Materials and method
Study population and recruitment
Respondents were recruited by Qualtrics Online Panels between March 8–23, 2021. This experiment was conducted in the third wave of a three-wave longitudinal study [25]. The study was administered online (in English) and was approved (deemed exempt) by the IRBs at the University of Utah and the Salt Lake City VA (Veterans Experiences During the COVID-19 Pandemic: IRB_00133198). Respondents consented to participate in this voluntary study and were compensated for their participation based on the terms of their panel agreement.
Procedure
In a fully between-subjects experiment, respondents saw either a Schwartz et al. [26] factbox style message about the risks of getting a vaccine compared to getting COVID-19 (factbox message), a message about the development of COVID-19 vaccines (timeline message; both messages are presented in Fig 1), or no message (control group).
Both the factbox and timelines messages were developed by the study team as infographics displayed on a single page. As well as reflecting concerns about the COVID-19 vaccines reported in the existing literature, the messages were also designed to address the concerns reported by respondents in the first survey of the three-wave study this experiment was embedded in. Specifically, in the first wave survey we found that concerns that the risks of getting the vaccine outweighed the risks of getting COVID-19 (46%) and about the vaccine development process (21%) were reported as the most important reasons for not getting a COVID-19 vaccine among these respondents [27].
The factbox style message was chosen to convey information about the potential risks associated with getting COVID-19 compared with getting vaccinated as prior research suggests this format can improve comprehension and recall [28–30].
The timeline message was chosen in order to better understand whether these visualizations have an impact on attitudes towards vaccines, given their widespread use throughout the pandemic in academic outlets [15], in the mainstream media (https://www.nytimes.com/interactive/2020/04/30/opinion/coronavirus-covid-vaccine.html), and on social media (https://twitter.com/moderna_tx/status/1258370971855175680).
Respondent assignment to study conditions (no message [control], factbox message, timeline message) was carried out using the built-in randomizer function in Qualtrics’ survey flow.

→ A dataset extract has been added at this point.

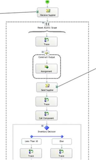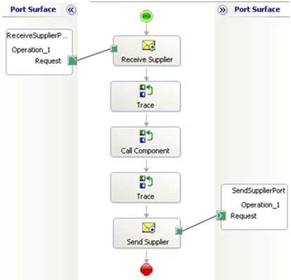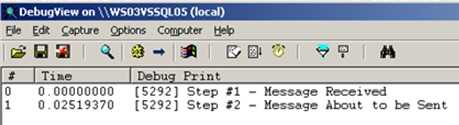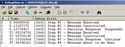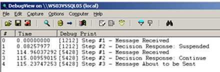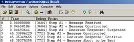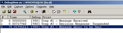 First off, I created a simple orchestration that calls out to an external .NET component. I inserted a few Expression Shapes which write trace statements out. We’ll view those statements using the Debug Viewer.

Respondents first reported their COVID-19 vaccine intentions (“When a coronavirus vaccine becomes available to you, how interested are you in getting the vaccine?”) using a 5-point scale (1 = “I definitely do NOT want the vaccine”, 2 = “I do NOT want to get the vaccine”, 3 = “Unsure”, 4 = “I WANT to get the vaccine”, 5 = “I definitely WANT the vaccine”) and how long they intended to wait before getting vaccinated (“How soon after the COVID-19 vaccine becomes available to you would you become vaccinated?”) using an 8-point scale (1 = “Immediately”, 2 = “Less than one month”, 3 = “One month to less than 3 months”, 4 = “3 months to less than six months”, 5 = “6 months to less than 1 year”, 6 = “1 year to less than 2 two years”, 7 = “I would wait 2 years or more”, 8 = “I would never get it”).

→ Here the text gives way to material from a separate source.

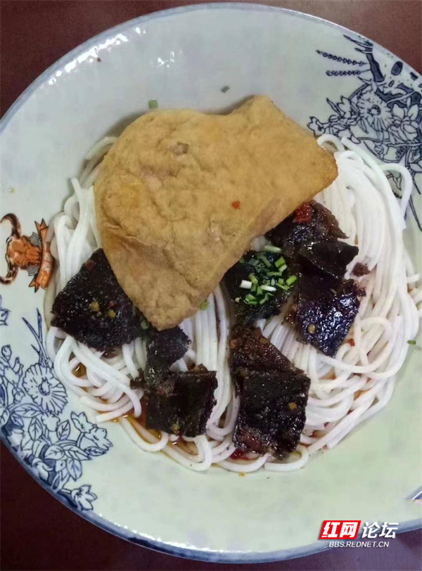 后来上了大学,在长沙这个美食的世界,吃了很多地方的粉。到过许多大学的食堂,铁道学院米粉的味道确是首屈一指,但说到吃早餐,铁道学院往民政学院去的那一条街上一家粉店(名字就叫一家粉店),吃得令人难忘,好吃的味道一直追了四年,二元一碗,和县二中的米粉价格差不多。毕业后,曾调到长沙上班,我还去追过,可惜后来那一排店面都撤了,一家粉店的老板也去別的地方发财去了。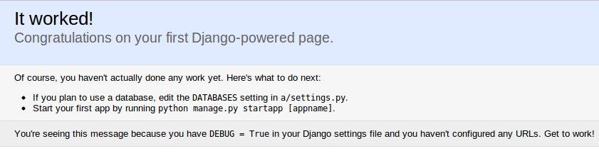 )সাধারণত আপনার urls.py তে অনেকগুলো কমেন্ট থাকবে। ওগুলো মোছার দরকার নেই। ওরা ওদের মত থাক, কেননা আমাদের টিউটোরিয়ালের পরবর্তী অংশে যখন আমরা স্বয়ংক্রিয় অ্যাডমিন ইন্টারফেস ব্যবহার করা শিখবো, তখন ওই কমেন্টগুলোকে সাংঘাতিক রকমের প্রয়োজন হবে! যাই হোক, এইবার আবার আমাদের মূল প্রজেক্টের ফোল্ডারে ফিরে যাই এবং ডেভেলপমেন্ট সার্ভার চালু করি। চালু করে ব্রাউজারে http://localhost:8000 তথা আমাদের ডেভেলপমেন্ট সার্ভারে প্রবেশ করি। অভিনন্দন! আপনি আপনার প্রথম জ্যাঙ্গো অ্যাপ তৈরি করে ফেলেছেন!

We also asked respondents about their views regarding COVID-19 vaccine safety (“In your view, how safe is the COVID-19 vaccine?”) using a 5-point scale (1 = “Not at all safe”, 2 = “Slightly safe”, 3 = “Somewhat safe”, 4 = “Moderately safe”, 5 = “Extremely safe”) and the possibility of experiencing side effects (“How worried are you about experiencing side effects from the COVID-19 vaccine?”) using a 5-point scale (1 = “Not at all concerned”, 2 = “Slightly concerned”, 3 = “Somewhat concerned”, 4 = “Moderately concerned”, 5 = “Extremely concerned”).
Pre-registered analyses
We ran two omnibus one-way ANOVA analyses to examine whether the COVID-19 vaccine risk comparison factbox message and vaccine development timeline message influenced 1) respondents’ intentions to get vaccinated and 2) the time they would wait to get vaccinated. Analyses were repeated controlling for age and gender.

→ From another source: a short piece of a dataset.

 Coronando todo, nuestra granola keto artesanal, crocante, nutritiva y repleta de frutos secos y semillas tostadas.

We ran two additional omnibus one-way ANOVAs to examine whether 1) the factbox message comparing the risks associated with getting COVID-19 to the risks associated with receiving a COVID-19 vaccine reduced respondents’ concern about experiencing side effects from the COVID-19 vaccine and 2) whether the timeline message regarding the vaccine development process increased respondents’ views about how safe the COVID-19 vaccine is. All analyses were performed using RStudio statistical software Version 1.4.1106 [31].
Exploratory analyses
These analyses were not planned a-priori, but were conducted after the unexpected finding that neither of the messages had a significant impact on respondents’ vaccination intentions or the time they wanted to wait before getting vaccinated.
We conducted exploratory analyses using omnibus one-way ANOVAs to examine the influence of the messages on vaccine intentions and time to getting vaccinated on two subsets of the total sample.
To examine the possibility that any impact of the messages on vaccination intentions could be dependent on whether respondents took the time to read and process the information provided in them, we re-ran our pre-registered analyses on a subset of respondents who spent at least 10 seconds on the page displaying the intervention messages.
Another possibility is that any impact of the messages on vaccination intentions may be limited only to respondents who were initially hesitant about getting a COVID-19 vaccine [32]. That is, an effect of the intervention might be dampened by ceiling effects on vaccination intentions. Thus, for the second subset we selected respondents who had reported that they were hesitant about getting a COVID-19 vaccine in an earlier survey fielded in December 2020 (i.e., reported that they either “do NOT want to get the vaccine” or “definitely do NOT want to get the vaccine”).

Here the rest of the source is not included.